IP.com Disclosure Number: IPCOM000244347D
Publication Date: 2015-Dec-03
Document File: 2 page(s) / 26K

Publishing Venue

The IP.com Prior Art Database

Abstract

Described is a method for rapidly and automatically generating question-answer pairs for training a statistical question answering system. Taking as input a seed question-answer pair, the method generates meaning preserving variants of the question through syntactic transformation and lexical substitution.

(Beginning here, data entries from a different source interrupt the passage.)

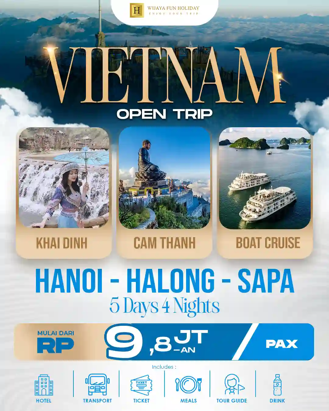 Menjawab antusiasme liburan ke luar negeri yang semakin memuncak, Wijaya Fun Holiday mempersembahkan salah satu trip unggulan kami: Open trip vietnam Hanoi -Halong – Sapa 5D4N & All Inclusive 2026.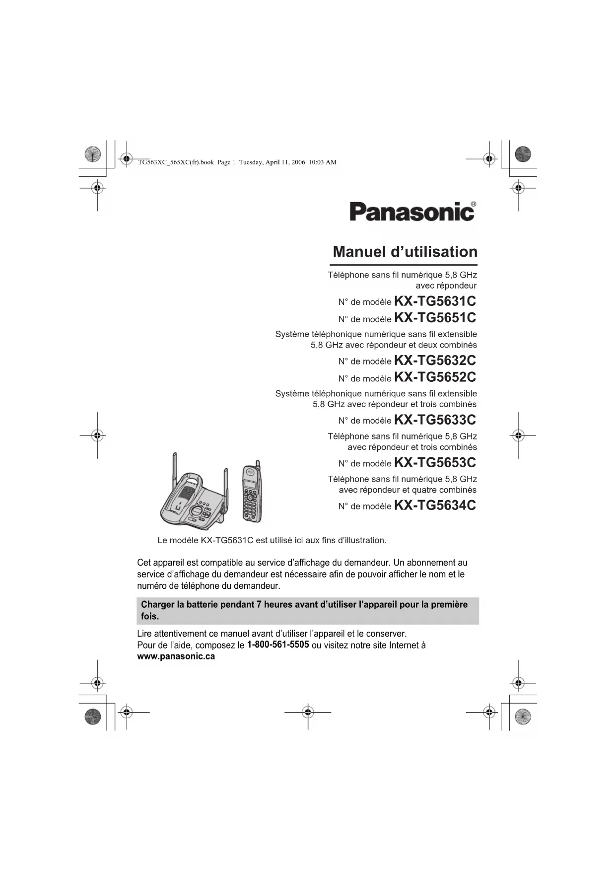 Cet appareil est compatible au service d’affichage du demandeur. Un abonnement au service d’affichage du demandeur est nécessaire afin de pouvoir afficher le nom et le numéro de téléphone du demandeur. Lire attentivement ce manuel avant d’utiliser l’appareil et le conserver. Pour de l’aide, composez le 1-800-561-5505 ou visitez notre site Internet à www.panasonic.ca Charger la batterie pendant 7 heures avant d’utiliser l’appareil pour la première fois. Manuel d’utilisation Téléphone sans fil numérique 5,8 GHz avec répondeur N° de modèle KX-TG5631C N° de modèle KX-TG5651C Système téléphonique numérique sans fil extensible 5,8 GHz avec répondeur et deux combinés N° de modèle KX-TG5632C N° de modèle KX-TG5652C Système téléphonique numérique sans fil extensible 5,8 GHz avec répondeur et trois combinés N° de modèle KX-TG5633C Téléphone sans fil numérique 5,8 GHz avec répondeur et trois combinés N° de modèle KX-TG5653C Téléphone sans fil numérique 5,8 GHz avec répondeur et quatre combinés N° de modèle KX-TG5634C Le modèle KX-TG5631C est utilisé ici aux fins d’illustration. TG563XC_565XC(fr).book Page 1 Tuesday, April 11, 2006 10:03 AMSommaire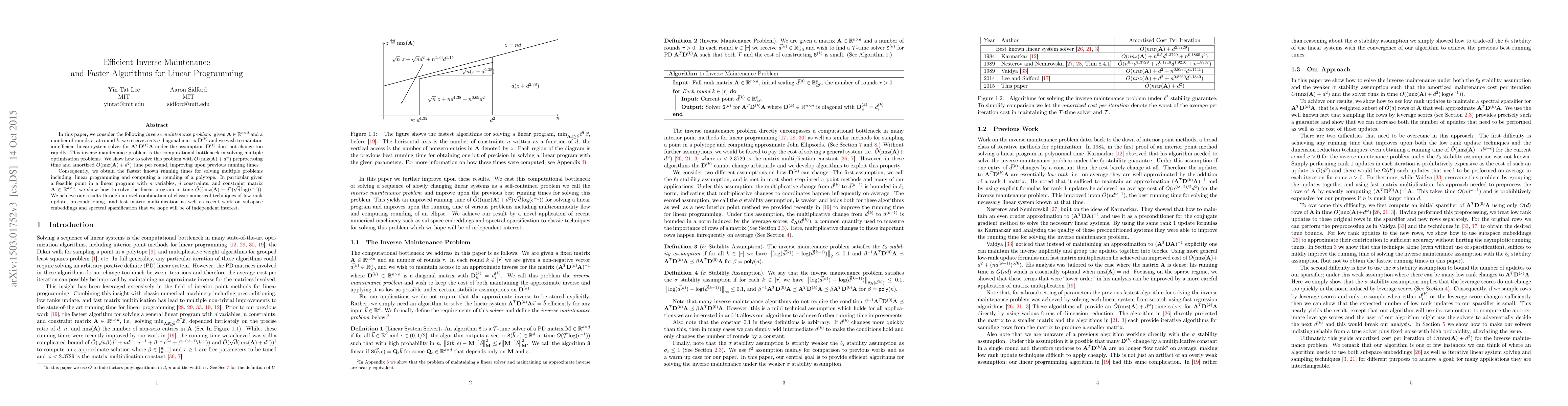 In this paper, we consider the following inverse maintenance problem: given $A \in \mathbb{R}^{n\times d}$ and a number of rounds $r$, we receive a $n\times n$ diagonal matrix $D^{(k)}$ at round $k$ and we wish to maintain an efficient linear system solver for $A^{T}D^{(k)}A$ under the assumption $D^{(k)}$ does not change too rapidly. This inverse maintenance problem is the computational bottleneck in solving multiple optimization problems. We show how to solve this problem with $\tilde{O}(nnz(A)+d^{\omega})$ preprocessing time and amortized $\tilde{O}(nnz(A)+d^{2})$ time per round, improving upon previous running times for solving this problem. Consequently, we obtain the fastest known running times for solving multiple problems including, linear programming and computing a rounding of a polytope. In particular given a feasible point in a linear program with $d$ variables, $n$ constraints, and constraint matrix $A\in\mathbb{R}^{n\times d}$, we show how to solve the linear program in time $\tilde{O}(nnz(A)+d^{2})\sqrt{d}\log(\epsilon^{-1}))$. We achieve our results through a novel combination of classic numerical techniques of low rank update, preconditioning, and fast matrix multiplication as well as recent work on subspace embeddings and spectral sparsification that we hope will be of independent interest.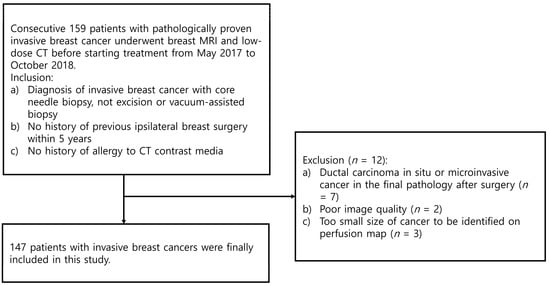 The Institutional Review Board of Korea University Ansan Hospital approved this prospective study. Written informed consent was received from all participants. Consecutively, 159 women with pathologically proven invasive breast carcinomas underwent dynamic contrast-enhanced breast MRI and low-dose breast CT before starting treatment from May 2017 to October 2018. These participants were included in two previous prospective studies to evaluate the usefulness of histogram and perfusion analyses on CT or MRI used to predict prognostic factors in breast cancer [,]. In the current study, we compared the associations between image-analyzing parameters and histological biomarkers and survival outcomes of breast cancers on low-dose CT and MRI. Inclusion criteria for this study were as follows: (a) patients diagnosed pathologically with invasive breast carcinomas with core needle biopsy, not excision or vacuum-assisted biopsy; (b) patients without previous ipsilateral breast surgery within the last five years; and (c) patients with no history of allergic reaction to CT contrast media. Twelve patients were excluded because of ductal carcinoma in situ or microinvasive cancer in the final pathologic report after the operation (n = 7), image quality degradation due to motion artifact (n = 2), or cancer of too small a size to be identified on perfusion map (n = 3). Finally, 147 women (mean age 52.3 years, age range 25–81 years) with invasive breast carcinomas were included in our study. Figure 1 summarizes the study population, and Table 1 shows the tumor characteristics. Tumor sizes on MRI ranged from 6 to 109 mm (mean size ± standard deviation 23.9 ± 14.8 mm).

This text was extracted from a PDF file.
This is the abbreviated version, containing approximately 52% of the total text.

Page 01 of 2

Enhanced generation of question variants for improved training of a statistical question answering system

Disclosed is a method for generating question-answer pairs suitable for training a statistical question answering system. Statistical question answering systems require a lot of training data in the form of question-answer pairs in order to develop robust and accurate models. Generating these question-answer pairs is an expensive manual process. The current method generates multiple variants of a question while leaving the answer unchanged. This allows the generation of a large collection of training pairs from a small seed set. The variation stems from two sources: lexical substitution by replacing question terms with synonymous terms and syntactic transformation by modifying the sentence structure in meaning-preserving ways.

A) Lexical substitution: Replacing question terms with synonymous terms.

    1) Q: Who wrote the book 'No God but God'? A: Reza Aslan 2) Q: Who authored the book 'No God but God'? A: Reza Aslan 3) Q: Who penned the book 'No God but God'? A: Reza Aslan
Starting from the question-answer pair in (1) we can replace the verb 'wrote' with synonymous terms 'penned' and 'authored' resulting in the Q/A pairs in (2) and (3). Synonyms like these can be sourced from a published thesaurus like Roget's or from a machine-readable semantic network like WordNet.

B) Transforming the syntax of the input question in meaning-preserving ways.

    This requires parsing the input and transforming it according to a set list of meaning preserving syntactic transformations. In some cases, these are purely syntactic transformations like passivization, where the direct object of a verb becomes its subject, and the subject is introduced by the preposition 'by'. The passivization rule is shown in (4). This kind of transformation results in the Q/A pairs in (5)-(7).

4) Who VERBED OBJECT? ==> OBJECT was VERB-passive by whom?

    5) Q: 'No God but God' was written by whom? A: Reza Aslan 6) Q: 'No God but God' was authored by whom? A: Reza Aslan 7) Q: 'No God but God' was penned by whom...